**TASK TO COMPLETE**
Reproduce the entries in full and exactly. Pictures stay out.

##### GIVEN RECORDS #####

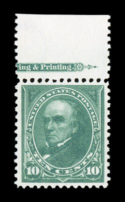 404 nh 273 273, 10c Dark green, handsome top margin partial imprint single, wonderfully bright and fresh, excellent centering, pristine o.g., n.h., extremely fine 2006 PF
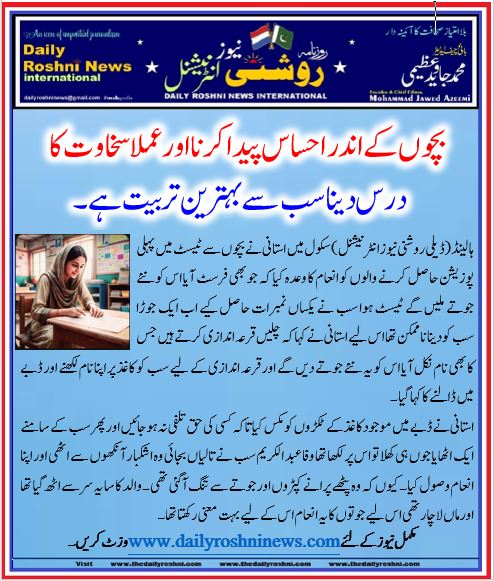 ہالینڈ(ڈیلی روشنی نیوز انٹرنیشنل )سکول میں استانی نے بچوں سے ٹیسٹ میں پہلی پوزیشن حاصل کرنے والوں کو انعام کا وعدہ کیا کہ جو بھی فرسٹ آیا اس کو نئے جوتے ملیں گے ٹیسٹ ہوا سب نے یکساں نمبرات حاصل کیے اب ایک جوڑا سب کو دینا نا ممکن تھا اس لیے استانی نے کہا کہ چلیں قرعہ اندازی کرتے ہیں جس کا بھی نام نکل آیا اس کو یہ نئے جوتے دیں گے اور قرعہ اندازی کے لیے سب کو کاغذ پر اپنا نام لکھنے اور ڈبے میں ڈالنے کا کہا گیا۔
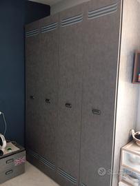 Vendo per cambio arredamento camera per ragazzi, letto una piazza e mezza, senza rete e materasso, completa di base letto con cassattone, comodino e armadio 170*232cm 4 ante, colore grigio. Smontaggio e trasporto a Vs carico, per il trasporto ci sono due piani di scale agevoli senza ascensore.
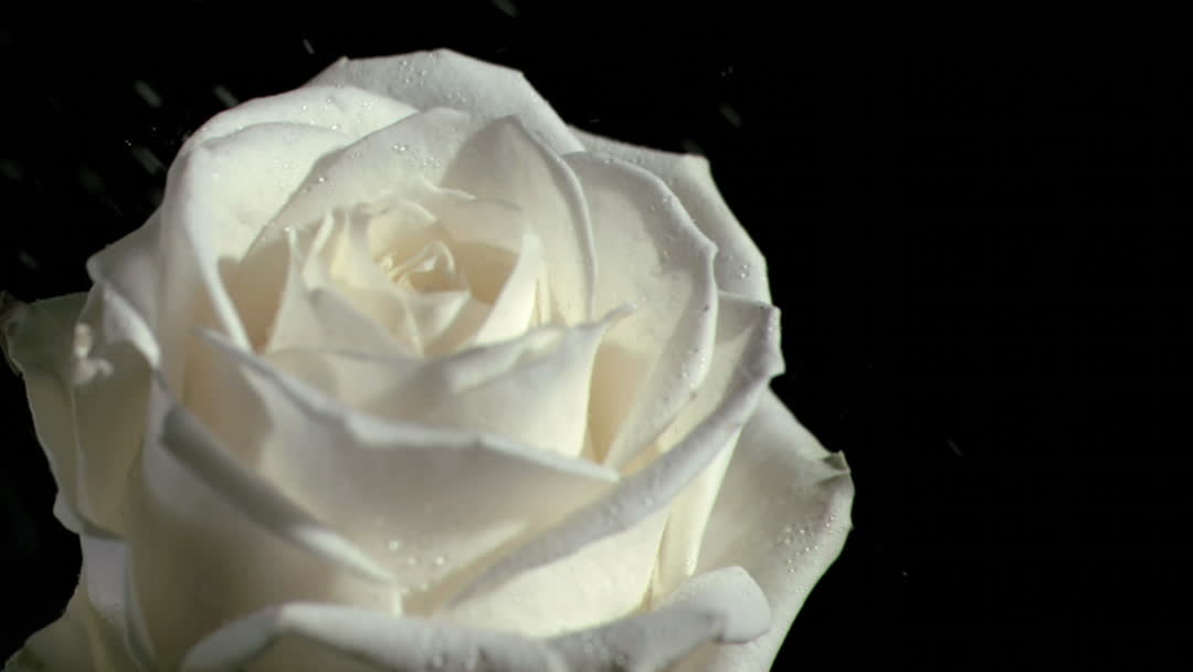 - Slow Motion Rain on Elegant White Rose with Black Background
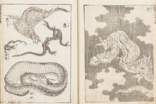 さまざまな龍の姿「龍」といってもその種類や姿は様々です。北斎は、代表作である『北斎漫画』や『冨嶽百景』の中に、「応龍」や「雨龍」など小さなものから大きなものまでさまざまの龍を描いています。北斎の知識と想像力もうかがうことができる作品の数々をご覧いただけます。
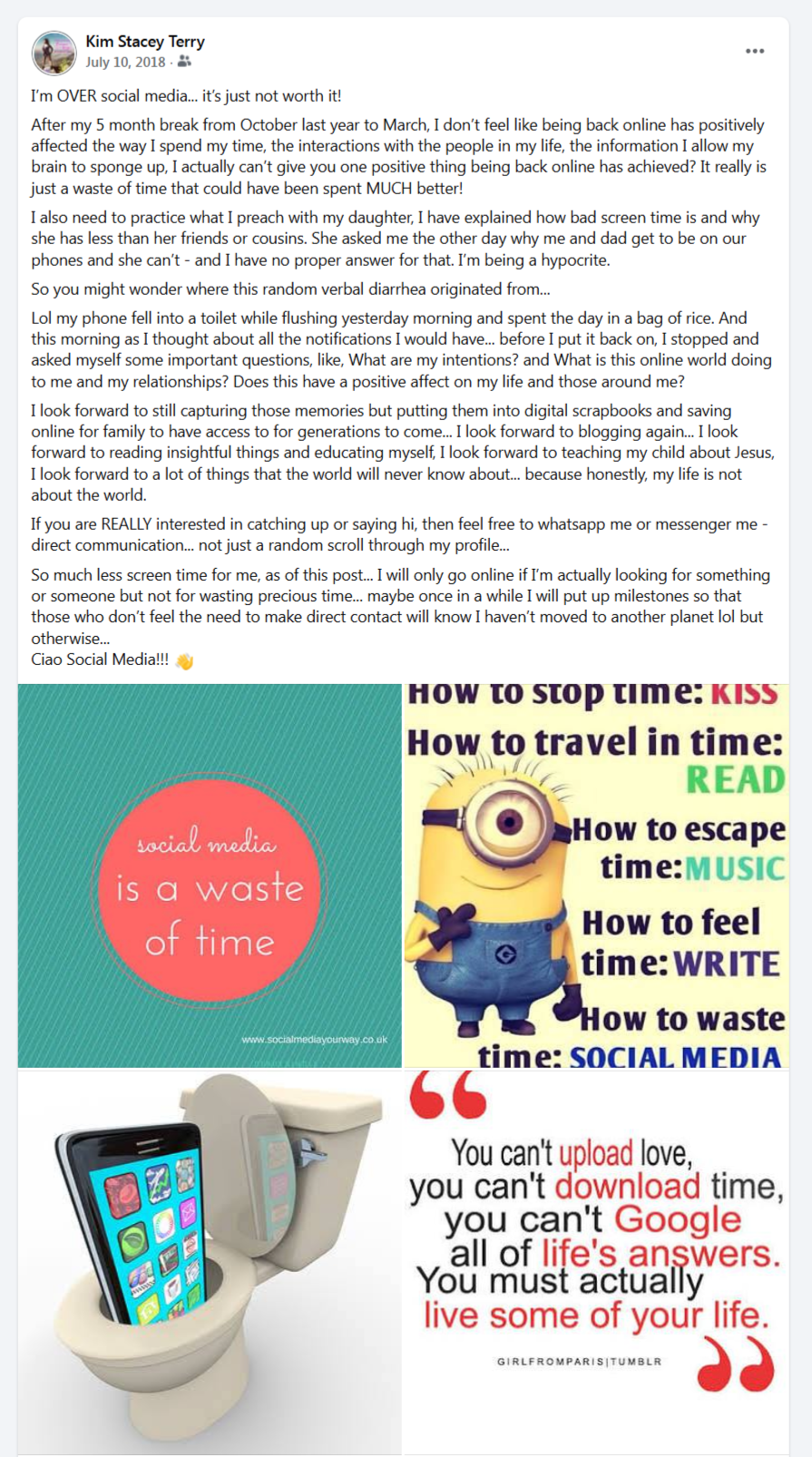 “Hey All! Decided to go #offline for a while #nomoresocialmedia #takingabreak #finerthings #disconnecttoconnect #unplug #moresociallessmedia Ciao”

#####

**TASK ANSWER**
 404 nh 273 273, 10c Dark green, handsome top margin partial imprint single, wonderfully bright and fresh, excellent centering, pristine o.g., n.h., extremely fine 2006 PF
 ہالینڈ(ڈیلی روشنی نیوز انٹرنیشنل )سکول میں استانی نے بچوں سے ٹیسٹ میں پہلی پوزیشن حاصل کرنے والوں کو انعام کا وعدہ کیا کہ جو بھی فرسٹ آیا اس کو نئے جوتے ملیں گے ٹیسٹ ہوا سب نے یکساں نمبرات حاصل کیے اب ایک جوڑا سب کو دینا نا ممکن تھا اس لیے استانی نے کہا کہ چلیں قرعہ اندازی کرتے ہیں جس کا بھی نام نکل آیا اس کو یہ نئے جوتے دیں گے اور قرعہ اندازی کے لیے سب کو کاغذ پر اپنا نام لکھنے اور ڈبے میں ڈالنے کا کہا گیا۔
 Vendo per cambio arredamento camera per ragazzi, letto una piazza e mezza, senza rete e materasso, completa di base letto con cassattone, comodino e armadio 170*232cm 4 ante, colore grigio. Smontaggio e trasporto a Vs carico, per il trasporto ci sono due piani di scale agevoli senza ascensore.
 - Slow Motion Rain on Elegant White Rose with Black Background
 さまざまな龍の姿「龍」といってもその種類や姿は様々です。北斎は、代表作である『北斎漫画』や『冨嶽百景』の中に、「応龍」や「雨龍」など小さなものから大きなものまでさまざまの龍を描いています。北斎の知識と想像力もうかがうことができる作品の数々をご覧いただけます。
 “Hey All! Decided to go #offline for a while #nomoresocialmedia #takingabreak #finerthings #disconnecttoconnect #unplug #moresociallessmedia Ciao”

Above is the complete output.